Archive for the 'Technology' Category

TiECon East - Panel on Emerging Models in the Web Space

Monday, June 9th, 2008

I was asked to put together a group of interesting folks to discuss issues related to, the oft abused moniker, Web 2.0 for the TiECon East event held in Waltham, MA on May 30.

I picked people that I thought were the most interesting and capable of having a conversation about the future of the Web and business models related to it. Thanks to the following folks bringing their insight to the panel:

Fred Wilson - A VC from NYC is a thought leader in this space with a wicked (we saw that word here in Boston) sense of humor to boot.
Don Dodge - The man with the coolest name in Tech is in BD with Microsoft’s Emerging Business Team. He always has insights given his vast operating experience.
Brian Balfour - Founder of Viximo, based in Cambridge, MA, is leading the charge with new ways to monetize social networks with digital goods.
Nabeel Hyatt - Nabeel runs Conduit Labs, a social gaming platform. You can find him sipping lattes at Open Coffee Boston and talking entrepreneurship.

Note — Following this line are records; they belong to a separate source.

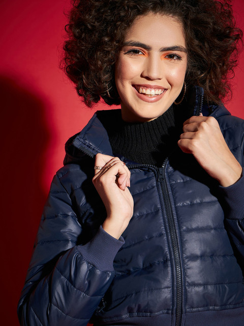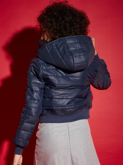 Navy blue solid puffer jacket, has a hooded, 2 pockets ,has a zip closure, long sleeves, straight hemline, polyester lining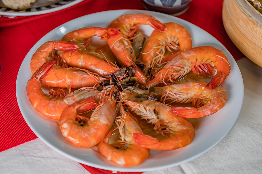 選用肥美Q彈的大白蝦,以紅棗、枸杞等多種中藥材熬出甜味,再加入紹興黃酒,充滿酒香而沒有酒精,大人小孩吃了都好滿意,大白蝦肉質鮮嫩,經過紹興酒的滋味提升,更顯香醇美味。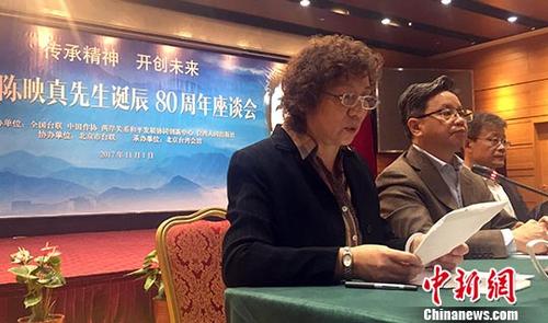 11月1日,纪念陈映真先生诞辰八十周年座谈会在北京台湾会馆举办。陈映真夫人陈丽娜(左1)在会上提出,希望在台湾成立陈映真纪念馆,让台湾人不要忘记台湾文学中的爱国主义传统。 中新社记者 路梅 摄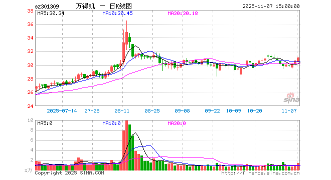 9月30日,万得凯开盘涨3.26%,报23.41元。

And David Cancel, Lookery CTO and Founder, asked the interesting questions and steered the panel.

There’s insight into Twitter’s rumored recent $15M venture round. Apparently, it hasn’t closed and anything you read in the blogs was pure conjecture.

The conversation is great. But the video quality sorta sucks. Oh, and the sound needs to be fully jacked-up. But if you work in this space, this video should be of interest to you.

Custom Domain Names With Tumblr

Wednesday, January 2nd, 2008

 

I use Dreamhost quite a bit for a variety of domain hosting.  I recently tried using it for DNS services for a custom domain name that I was using for a tumblr tumblog.

It didn’t work so well.  (the Dreamhost DNS part that is)

The idea itself is simple:  You create a CNAME DNS record pointing to the Tumblr IP address.  And then they handle it internally when requests come in.

The problem with Dreamhost is that it creates a number of CNAME records for domains that they are managing as part of your account.

Dreamhost allows you to create multiple CNAME records as expected, but doesn’t consistently work.  For some unknown reason, my CNAME record that pointed to tumblr’s IP address would occassionally resolve to what appeared to be an HTTP directory listing enabled site.  I mean, WTF? 

In any case, I forgot that DynDNS was the best solution.  I pointed my rajzilla.com’s nameservers to DynDNS (rather than through Dreamhost) and then created a CNAME record there that points to Tumblr and now it consistently works. 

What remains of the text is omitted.